Error reporting, though oft left aside by textbooks, is key for a compiler UX. One key aspect is to provide an error message with the location of the error. This can be done by printing a line of code and underlining the problematic section. Here is how calc achieves this.

  • The Span object models a starting and ending character. It's attached to tokens by the tokenizer.
  • The TokSpan object contains a starting and ending token. It can be converted into a Span and is attached to AST nodes by the parser.
  • The Spanned trait is for objects that can be turned into spans. Lots of things are Spanned, amongst which Span, TokSpan and Meta<K, M: Spanned>, so pretty much everything else, including AST nodes and tokens.
  • ErrorSpan is a newtype wrapper over String, which is the textual representation of a Span with source code extract and underline. Any Spanned can construct an ErrorSpan using a reference to a Source context.

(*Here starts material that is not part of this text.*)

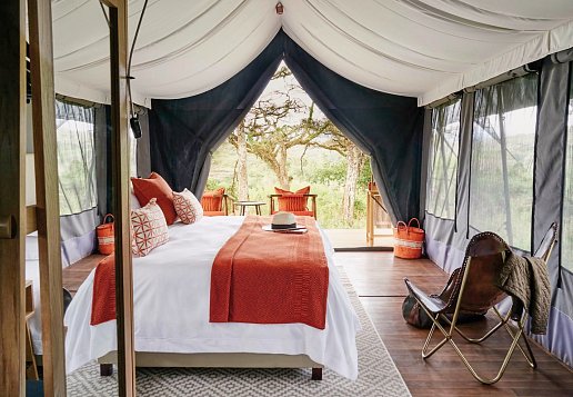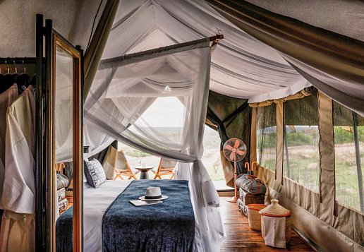 Das komfortable Safari-Camp beseht aus dem zentral gelegenen Hauptzelt mit angeschlossener Lounge, vor dem Gäste abends an der Feuerstelle sitzen können. Es kann an zwei Seiten geöffnet werden, um den Blick auf die Serengeti zu öffnen. Die Küche serviert neben frischer internationaler auch traditioneller tansanischer und sansibarischer Küche. Zehn klassische Safari-Zelte auf hölzernen Plattformen, mit privatem Deck und Badezimmer en suite mit authentischer Eimer-Dusche. Das Interieur kombiniert den Stil der Entdecker des 19. Jahrhunderts mit Mid-Century-Chic. Die Zelte sind elegant eingerichtet mit portablem Mobiliar, Schreibtisch, Safe, Tee- und Kaffee-Station, Internet-Zugang, Moskitonetz, Steckdose, Föhn, Gymnastik- und Yoga-Kits. Täglich sind 2 Pirschfahrten im offenen Geländewagen eingeschlossen.

(Note: ErrorSpan is the fourth or fifth name I give to that structure. Free Internet points for anyone providing me with a better name. Context is already something else, so is ErrorMessage, and basically everything else I could think of.)

The errors themselves are split in two categories:

  • Language errors, currently including SyntaxError and TypeError.
  • Pipeline stage specific errors, e.g. TokenizerError, ParserError, etc.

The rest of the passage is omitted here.